Sur le plan statistique, on s'aperçoit que ce sont plutôt les grandes multinationales installées chez nous et les systèmes bancaires qui ont créé les centres permettant d'en bénéficier et qui, de ce fait jouissent d'abattements d'impôts considérables. J'ai essayé de faire le calcul pour VW et je constate que l'avantage est très important. Il y a quelque part un dérapage. Si on avait laissé faire l'entreprise VW selon la loi Renault, par exemple, elle y échappait.

Nous savons que cette entreprise a bénéficié d'une série d'avantages. Si elle ne respecte pas son contrat, comment faire pour empêcher qu'elle continue à bénéficier d'avantages fiscaux qui sont tout à fait contraires à la politique de l'emploi ?

M. Didier Reynders, vice-premier ministre et ministre des Finances. - Les avantages fiscaux liés au maintien ou au développement de l'emploi ne s'appliqueront évidemment plus au fur et à mesure de la diminution du volume de l'emploi dans une entreprise.

Nous ne sommes donc pas en désaccord concernant la deuxième catégorie de mesures, monsieur Galand, puisqu'un lien direct existe. Ce sont des dispositions nouvelles. Pendant des années il n'y a pas eu de mesures fiscales en ce sens. Je pense notamment aux mesures en matière de recherche ou à l'exonération récente concernant la remise au travail.

Par le passé, sous d'autres gouvernements, on ne prévoyait aucun lien entre des mesures fiscales et l'emploi. Depuis quelques années, je m'efforce de mettre en oeuvre un certain nombre de mesures qui ne s'appliquent que si l'emploi est à tout le moins maintenu, mais surtout augmenté.

Cela étant, là-dessus nous ne sommes pas en désaccord, sinon je pense que vous n'auriez pas voté en faveur de ces textes ces dernières années.

Pour ce qui concerne l'évolution des centres de coordination vers le système des intérêts notionnels, pendant vingt-cinq ans, le système des centres de coordination a été effectivement destiné à de grandes entreprises, multinationales ou non. En effet de grandes entreprises belges, y compris du secteur public, en ont bénéficié. Mais ce système ne s'appliquait pas au petites et moyennes entreprises. Nous avons, à la suite de nombreuses critiques à l'échelon européen, mis fin à ce système qui s'éteindra au fur et à mesure que se terminent les agréments déjà octroyés.
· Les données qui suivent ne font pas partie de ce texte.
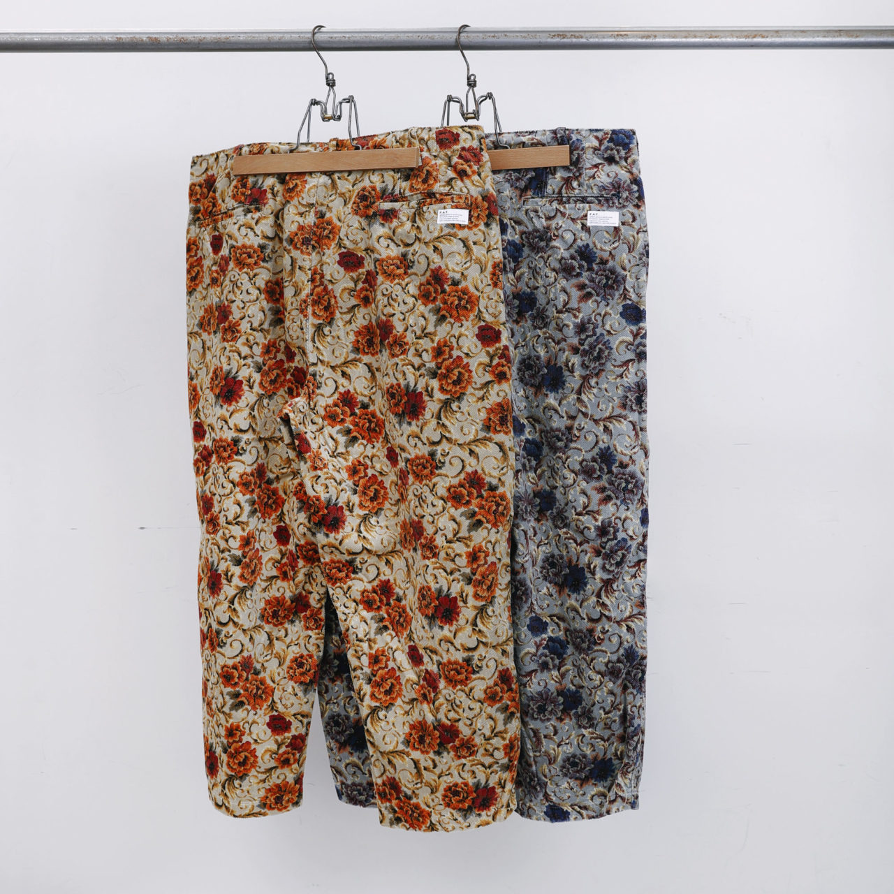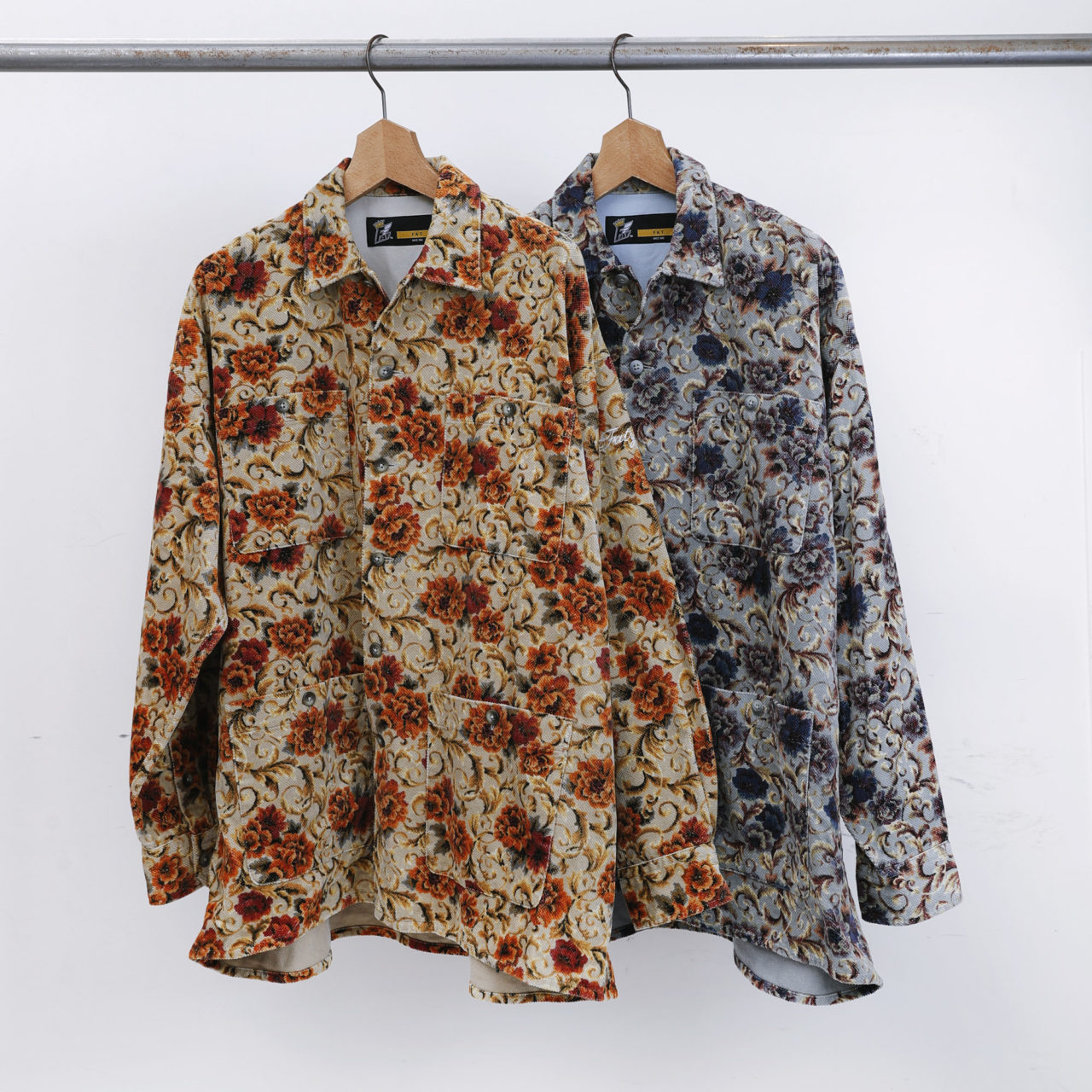 パッと見で印象強い花柄の生地で仕立てられたセットアップもスタンバイ。フロントにポケットを4つ備えたこちらもビッグシルエットのシャツと、ワイドシルエットのパンツで展開。暖かみのある素材は、お米の粒が合わさっているかのようなライスコールと呼ばれるコーデュロイ素材。メルヘンチックなんて言葉では片づけられない、お箸と茶碗を持って来てもお米は出ない、出るのは着た時の自身の存在感。セットアップでもそれぞれ単体でも好きなように来ていただければ!一度お試しを、ぜひ!

Nous le remplaçons par le système des intérêts notionnels qui joue pour toutes les entreprises, petites, moyennes ou grandes, belges ou étrangères, à la seule condition que ces entreprises déclarent un résultat dans notre pays. C'est très différent. Le nouveau système ne prévoit plus du tout d'avantage particulier pour une catégorie d'entreprises. Quand vous me dites : les multinationales ou les banques en bénéficient, je réponds : toutes les entreprises en bénéficient et heureusement dans notre pays nous avons un très grand nombre d'entreprises, petites ou moyennes qui jouiront dès lors également de ce système.

Je suis très heureux qu'il ait été possible avec l'actuelle majorité de faire évoluer le système fiscal dans cette direction : des mesures générales applicables à toutes les entreprises et des mesures spécifiques qui lient l'avantage fiscal à une situation en matière d'emploi.